• _Task to complete_
Once the pictures are removed, restate the listing word for word.

** Dataset excerpt follows **

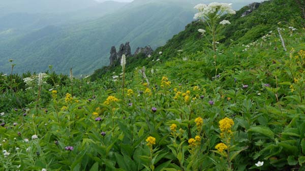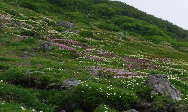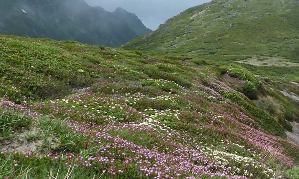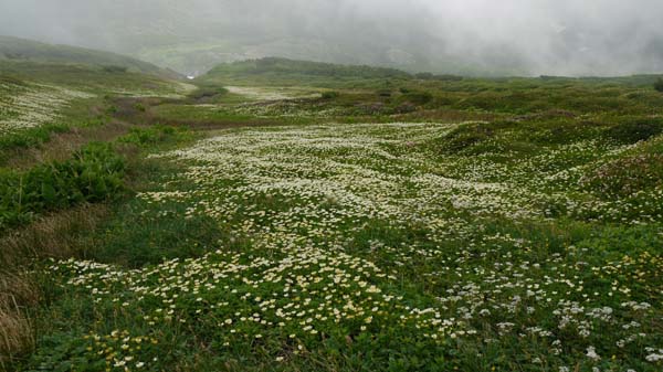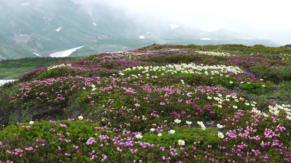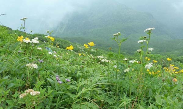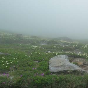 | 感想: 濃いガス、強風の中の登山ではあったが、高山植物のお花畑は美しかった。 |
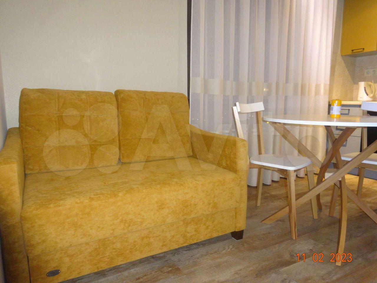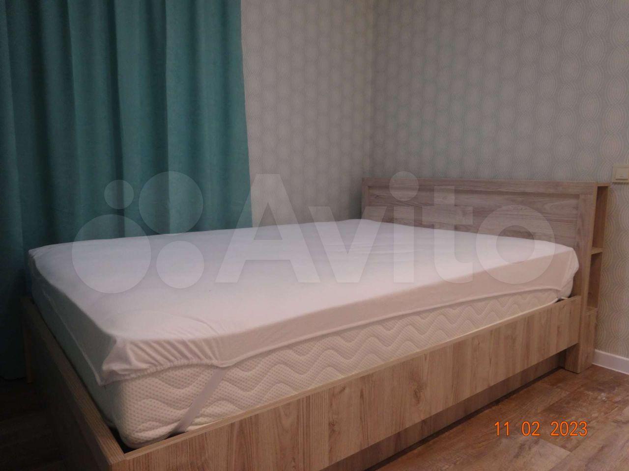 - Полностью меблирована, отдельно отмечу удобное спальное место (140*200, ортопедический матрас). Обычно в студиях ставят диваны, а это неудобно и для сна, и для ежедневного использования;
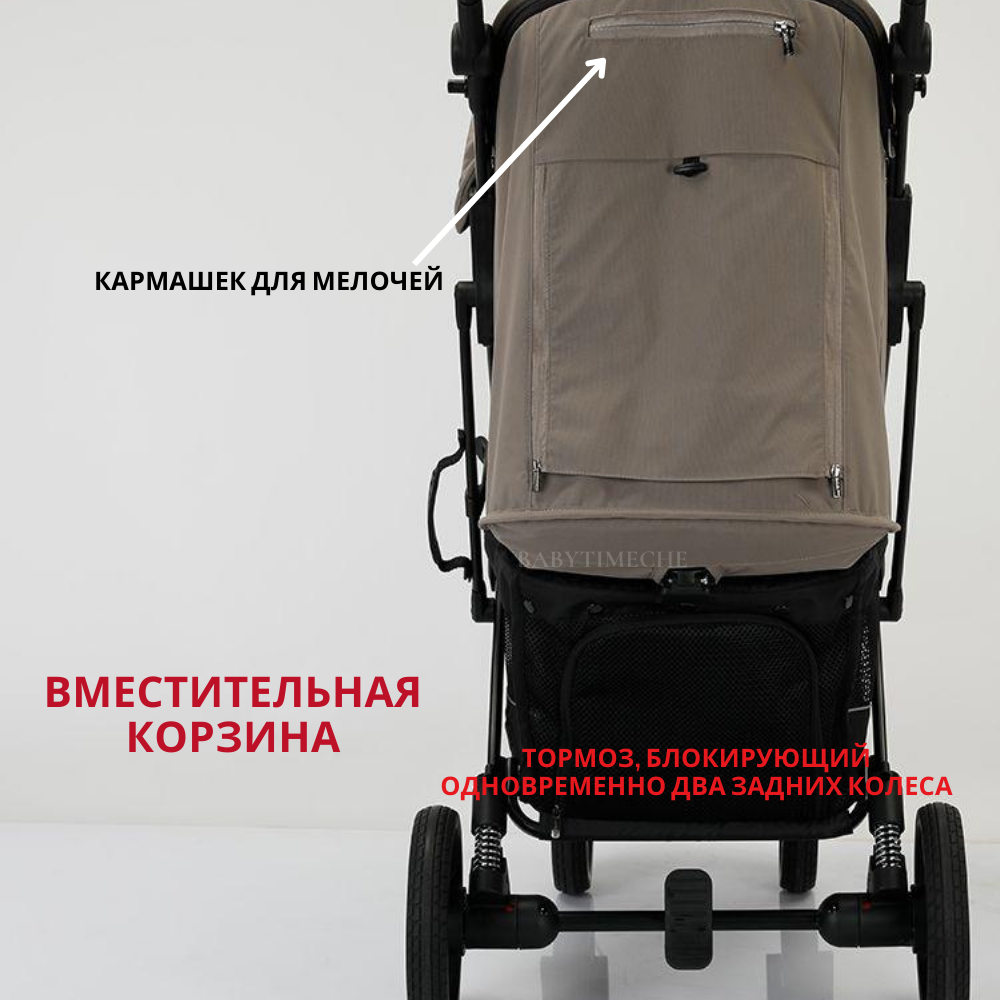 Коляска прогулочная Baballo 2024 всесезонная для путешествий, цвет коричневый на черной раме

** End of Dataset excerpt **

• _Solved exercise_
 | 感想: 濃いガス、強風の中の登山ではあったが、高山植物のお花畑は美しかった。 |
 - Полностью меблирована, отдельно отмечу удобное спальное место (140*200, ортопедический матрас). Обычно в студиях ставят диваны, а это неудобно и для сна, и для ежедневного использования;
 Коляска прогулочная Baballo 2024 всесезонная для путешествий, цвет коричневый на черной раме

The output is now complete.